Exercise aim —
Every line from the one with "Pasar prediksi menjagokan" up to and including the one with "Breloques hameçons argentées" is to be output exactly as it appears below; pictures are not.
┌─ Data extract
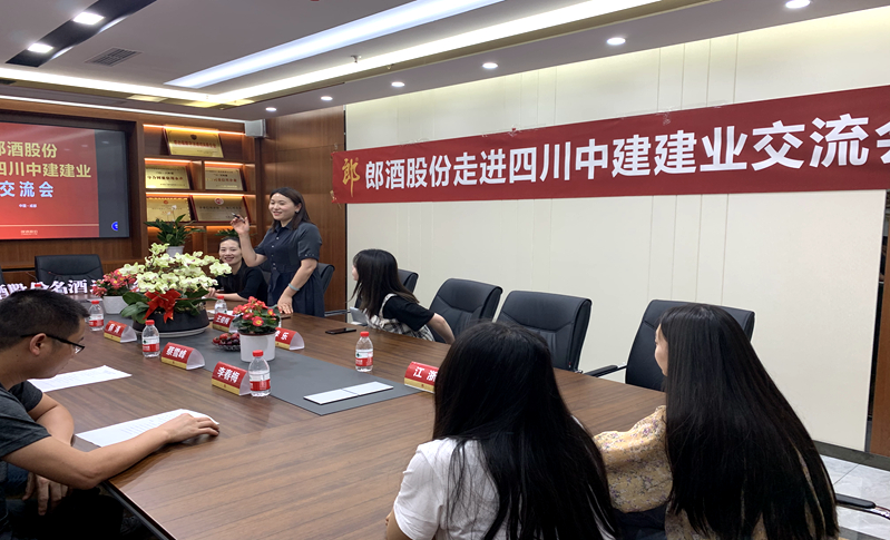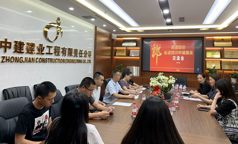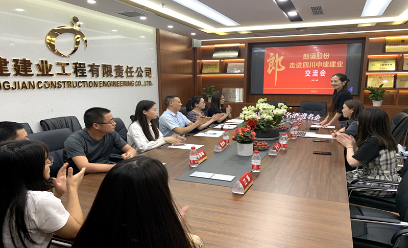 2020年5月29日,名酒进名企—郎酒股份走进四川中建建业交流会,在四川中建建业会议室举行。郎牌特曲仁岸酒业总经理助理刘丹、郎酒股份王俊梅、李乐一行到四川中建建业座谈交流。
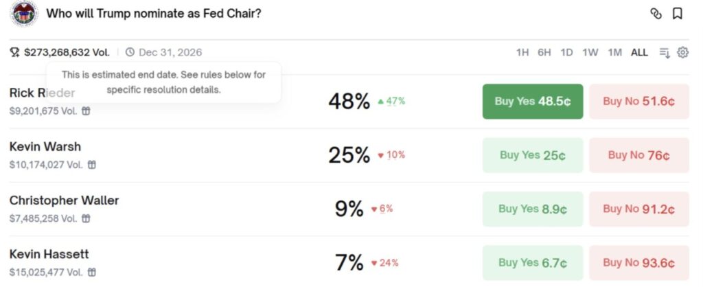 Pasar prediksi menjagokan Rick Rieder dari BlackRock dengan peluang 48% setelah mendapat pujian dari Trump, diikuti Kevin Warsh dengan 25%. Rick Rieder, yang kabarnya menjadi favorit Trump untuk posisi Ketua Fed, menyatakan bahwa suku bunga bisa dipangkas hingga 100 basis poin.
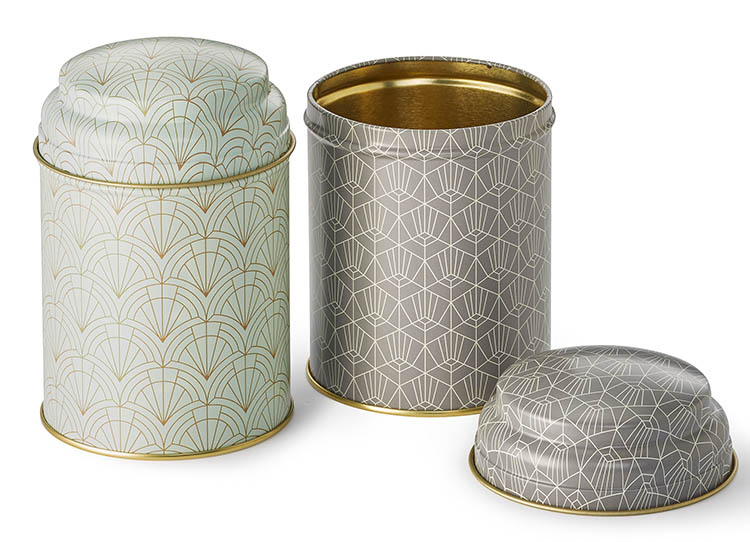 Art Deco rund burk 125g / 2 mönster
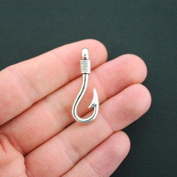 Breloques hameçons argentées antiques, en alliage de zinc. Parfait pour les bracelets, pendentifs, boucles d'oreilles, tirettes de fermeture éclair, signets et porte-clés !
└─
┌─ Data extract
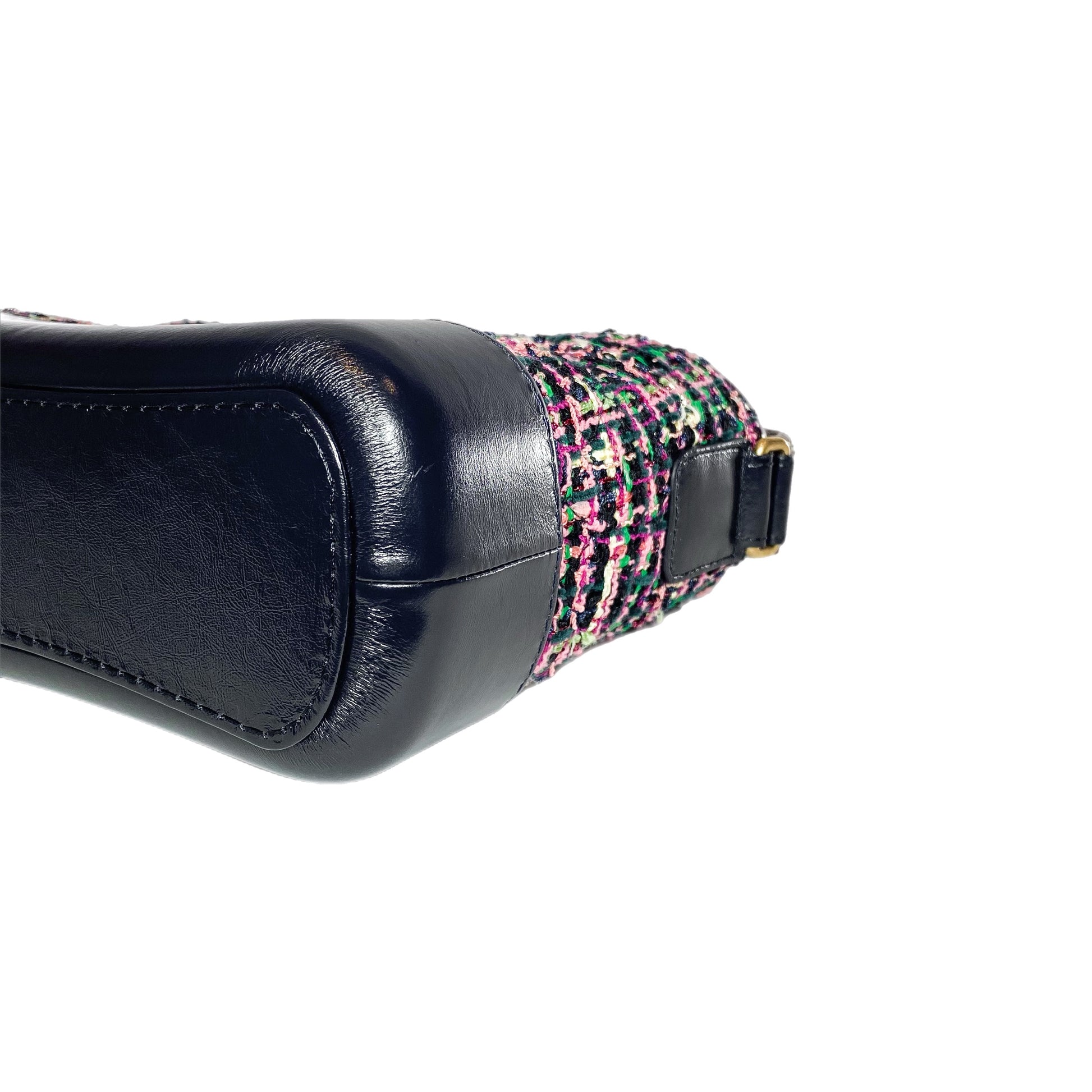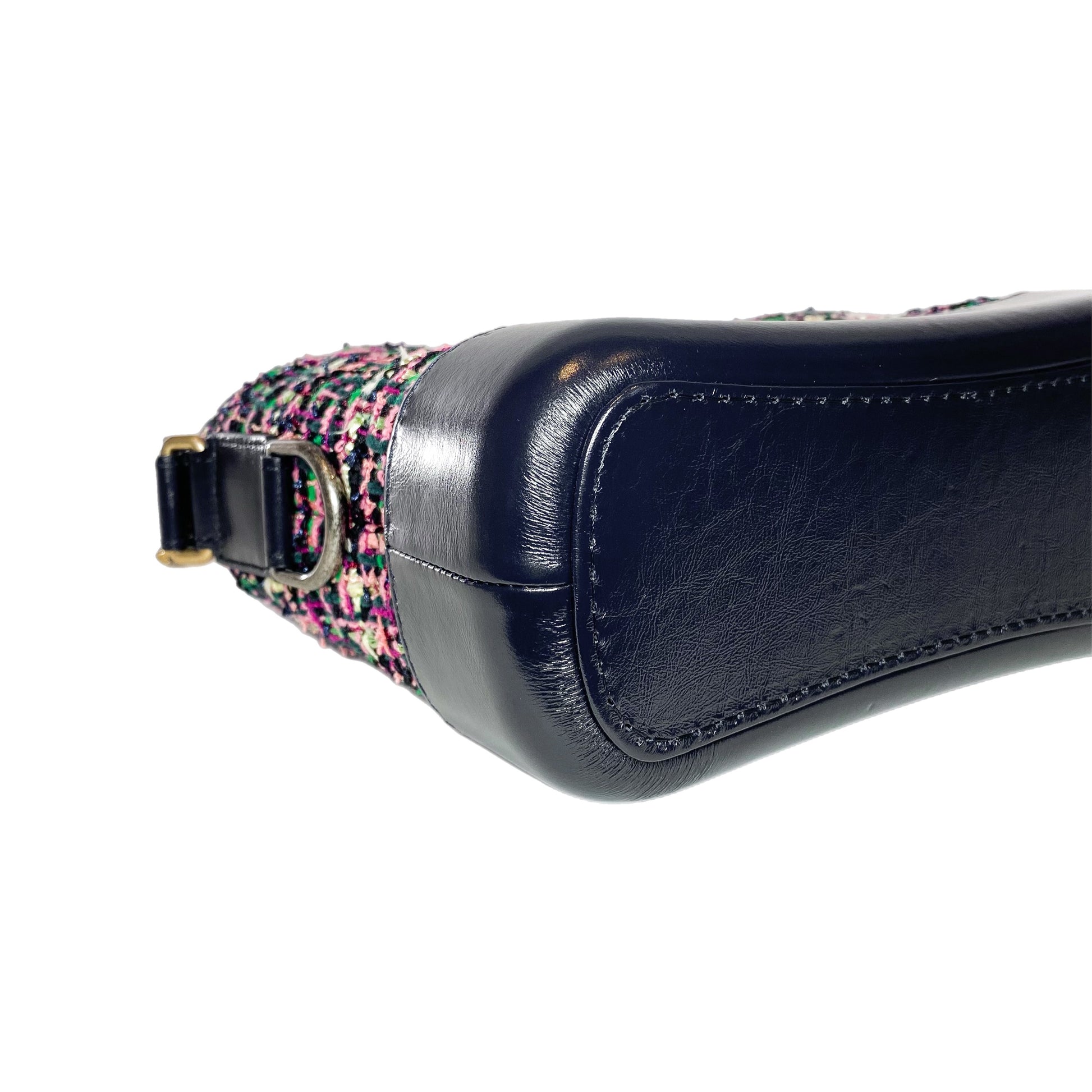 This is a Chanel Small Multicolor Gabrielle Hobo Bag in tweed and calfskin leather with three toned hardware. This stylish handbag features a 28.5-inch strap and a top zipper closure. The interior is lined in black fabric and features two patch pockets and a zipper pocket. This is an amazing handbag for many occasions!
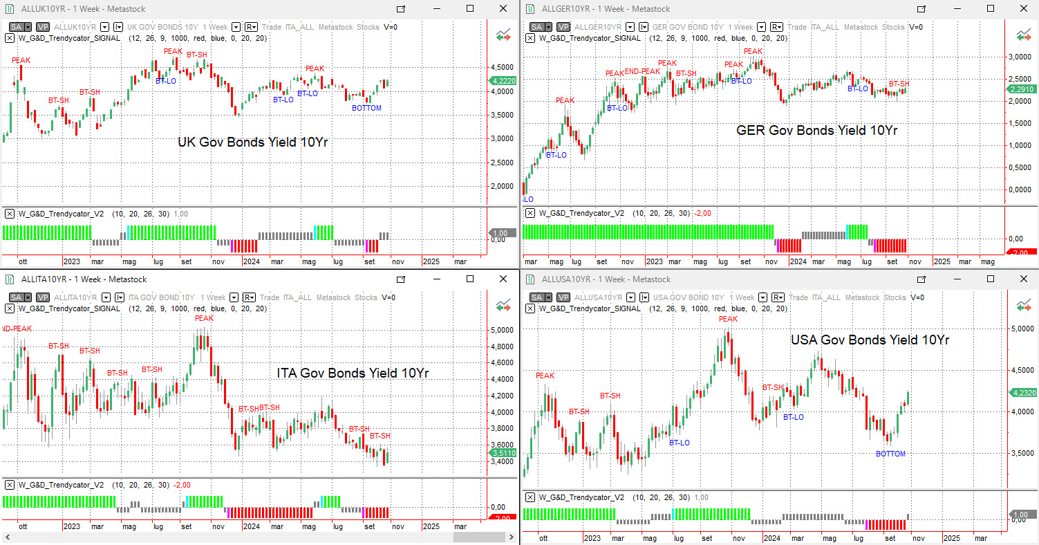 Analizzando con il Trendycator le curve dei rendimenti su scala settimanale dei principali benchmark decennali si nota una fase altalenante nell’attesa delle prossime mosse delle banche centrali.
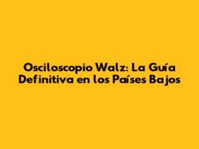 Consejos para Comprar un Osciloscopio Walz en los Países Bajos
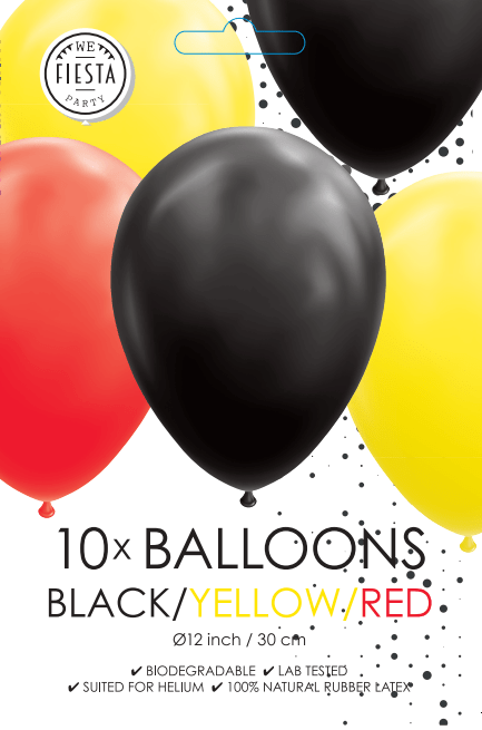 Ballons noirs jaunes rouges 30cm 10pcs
└─
┌─ Data extract
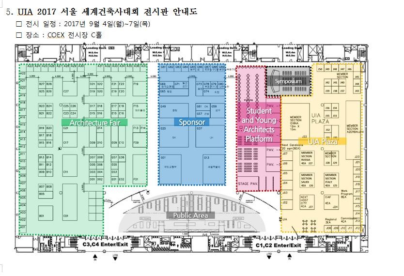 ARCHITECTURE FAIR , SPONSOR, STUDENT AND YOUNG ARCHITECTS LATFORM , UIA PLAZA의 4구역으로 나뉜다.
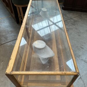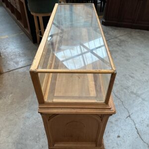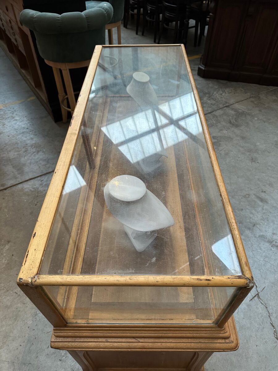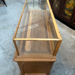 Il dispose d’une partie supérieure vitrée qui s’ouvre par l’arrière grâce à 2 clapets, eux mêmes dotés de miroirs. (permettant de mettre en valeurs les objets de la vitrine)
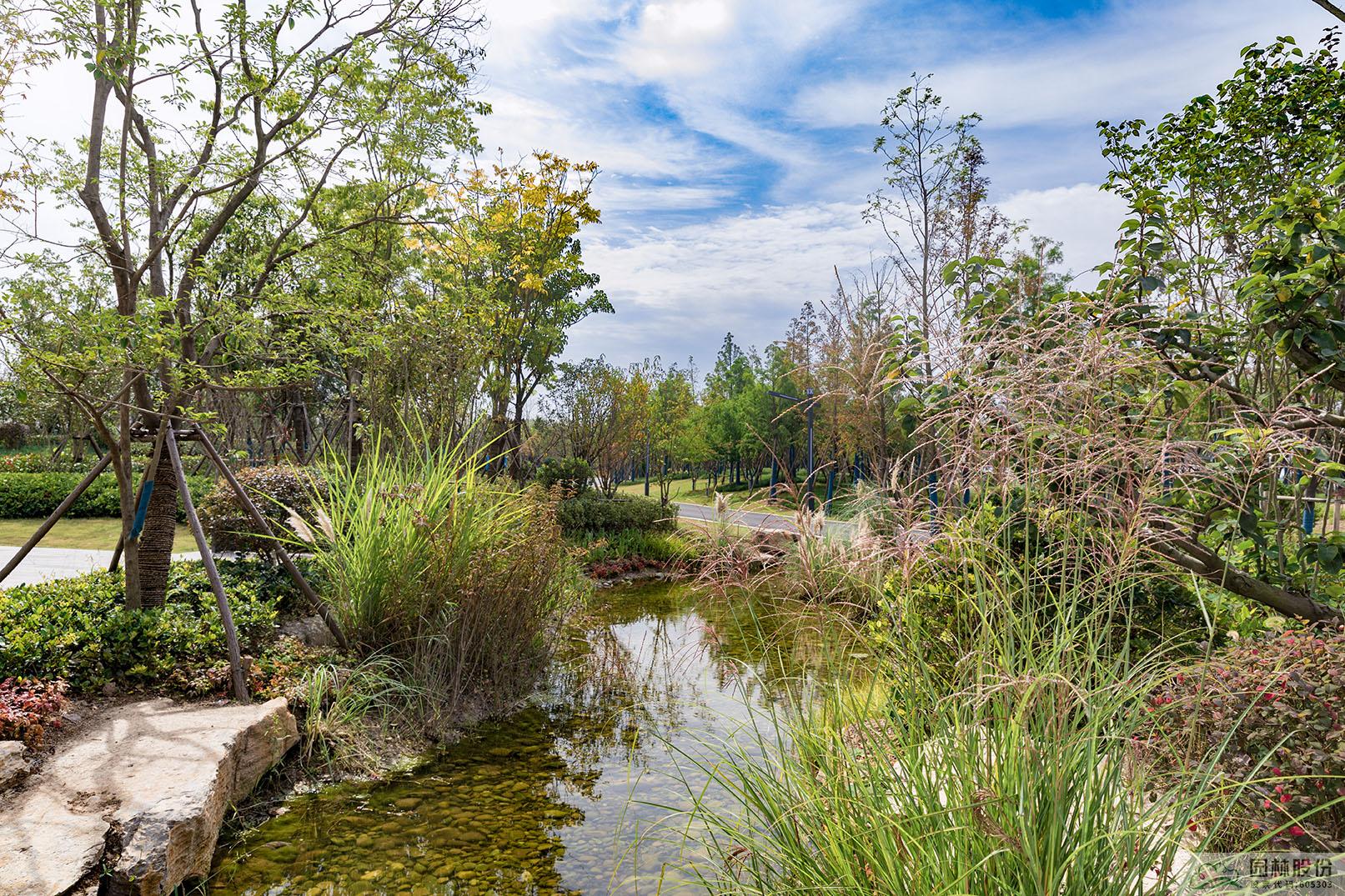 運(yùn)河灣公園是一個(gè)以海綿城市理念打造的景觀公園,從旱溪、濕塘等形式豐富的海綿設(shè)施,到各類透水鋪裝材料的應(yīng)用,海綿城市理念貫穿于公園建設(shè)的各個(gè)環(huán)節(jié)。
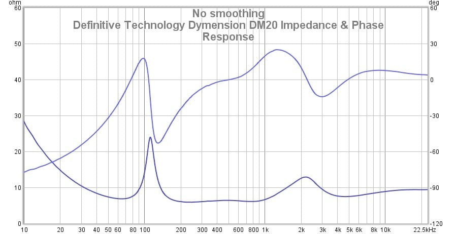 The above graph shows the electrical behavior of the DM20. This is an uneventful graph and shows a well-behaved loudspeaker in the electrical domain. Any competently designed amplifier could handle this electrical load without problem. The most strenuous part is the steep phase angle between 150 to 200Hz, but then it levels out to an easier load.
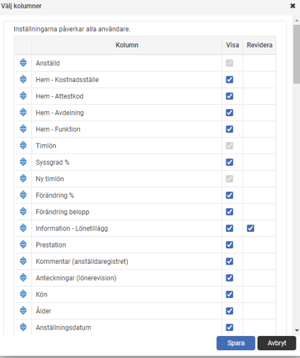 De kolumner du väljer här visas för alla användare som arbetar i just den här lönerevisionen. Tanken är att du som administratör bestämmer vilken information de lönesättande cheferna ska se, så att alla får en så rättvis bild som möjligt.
└─
Expected answer —
 Pasar prediksi menjagokan Rick Rieder dari BlackRock dengan peluang 48% setelah mendapat pujian dari Trump, diikuti Kevin Warsh dengan 25%. Rick Rieder, yang kabarnya menjadi favorit Trump untuk posisi Ketua Fed, menyatakan bahwa suku bunga bisa dipangkas hingga 100 basis poin.
 Art Deco rund burk 125g / 2 mönster
 Breloques hameçons argentées antiques, en alliage de zinc. Parfait pour les bracelets, pendentifs, boucles d'oreilles, tirettes de fermeture éclair, signets et porte-clés !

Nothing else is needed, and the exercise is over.